▶ SOURCE DATA:
---+---
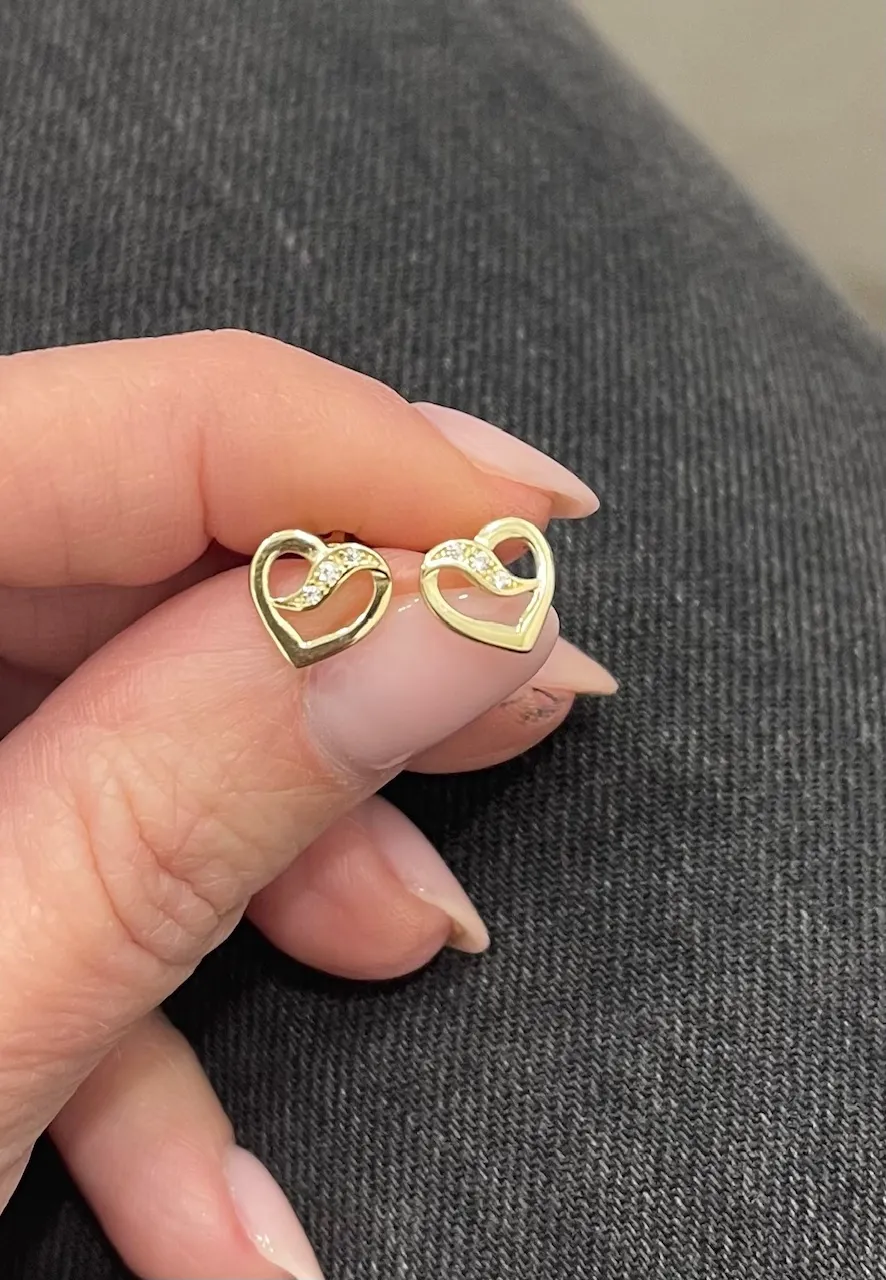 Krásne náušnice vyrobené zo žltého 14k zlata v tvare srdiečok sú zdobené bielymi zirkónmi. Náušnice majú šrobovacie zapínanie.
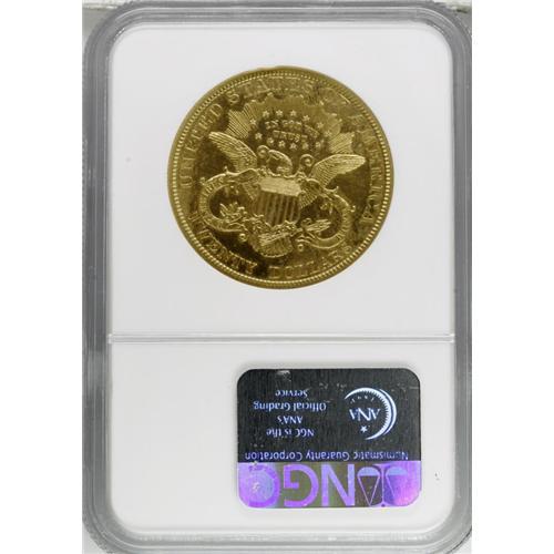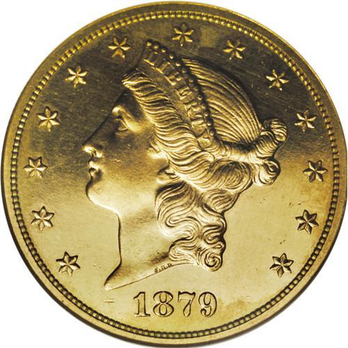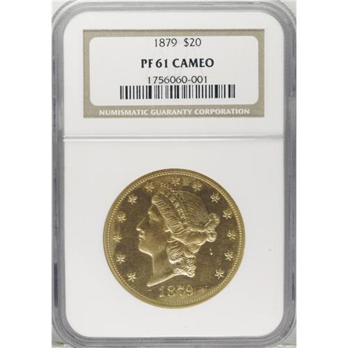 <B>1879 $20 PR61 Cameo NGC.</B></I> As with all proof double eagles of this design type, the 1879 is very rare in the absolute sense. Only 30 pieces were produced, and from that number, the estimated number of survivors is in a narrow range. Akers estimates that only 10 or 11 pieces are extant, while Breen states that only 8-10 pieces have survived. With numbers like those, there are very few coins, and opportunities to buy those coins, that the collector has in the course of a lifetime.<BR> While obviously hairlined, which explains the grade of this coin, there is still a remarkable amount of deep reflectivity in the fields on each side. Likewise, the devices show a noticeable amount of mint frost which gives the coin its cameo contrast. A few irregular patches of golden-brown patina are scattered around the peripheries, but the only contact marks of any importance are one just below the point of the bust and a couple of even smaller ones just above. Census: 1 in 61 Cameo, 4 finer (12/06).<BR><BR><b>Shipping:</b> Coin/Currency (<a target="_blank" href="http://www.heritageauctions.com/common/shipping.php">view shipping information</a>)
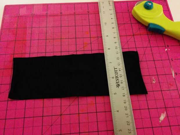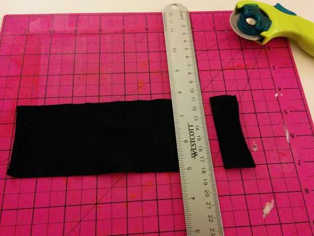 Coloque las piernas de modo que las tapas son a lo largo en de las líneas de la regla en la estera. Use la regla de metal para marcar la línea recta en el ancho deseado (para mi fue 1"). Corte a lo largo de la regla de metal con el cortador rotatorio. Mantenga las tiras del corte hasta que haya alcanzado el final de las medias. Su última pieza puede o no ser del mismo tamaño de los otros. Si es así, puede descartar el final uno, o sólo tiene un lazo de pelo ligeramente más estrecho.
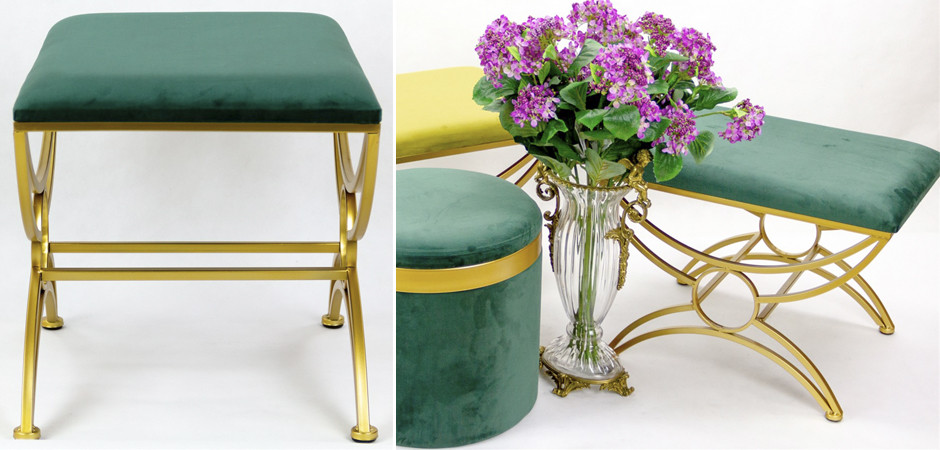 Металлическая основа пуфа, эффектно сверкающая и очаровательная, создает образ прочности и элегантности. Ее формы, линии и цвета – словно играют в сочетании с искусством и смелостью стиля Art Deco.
---+---
▶ REQUIRED ACTION: Please quote the lines of the material, beginning with the first and ending with the one that contains "<B>1879 $20 PR61", exactly as written and without any pictures.

▶ SOLUTION BELOW:
 Krásne náušnice vyrobené zo žltého 14k zlata v tvare srdiečok sú zdobené bielymi zirkónmi. Náušnice majú šrobovacie zapínanie.
 <B>1879 $20 PR61 Cameo NGC.</B></I> As with all proof double eagles of this design type, the 1879 is very rare in the absolute sense. Only 30 pieces were produced, and from that number, the estimated number of survivors is in a narrow range. Akers estimates that only 10 or 11 pieces are extant, while Breen states that only 8-10 pieces have survived. With numbers like those, there are very few coins, and opportunities to buy those coins, that the collector has in the course of a lifetime.<BR> While obviously hairlined, which explains the grade of this coin, there is still a remarkable amount of deep reflectivity in the fields on each side. Likewise, the devices show a noticeable amount of mint frost which gives the coin its cameo contrast. A few irregular patches of golden-brown patina are scattered around the peripheries, but the only contact marks of any importance are one just below the point of the bust and a couple of even smaller ones just above. Census: 1 in 61 Cameo, 4 finer (12/06).<BR><BR><b>Shipping:</b> Coin/Currency (<a target="_blank" href="http://www.heritageauctions.com/common/shipping.php">view shipping information</a>)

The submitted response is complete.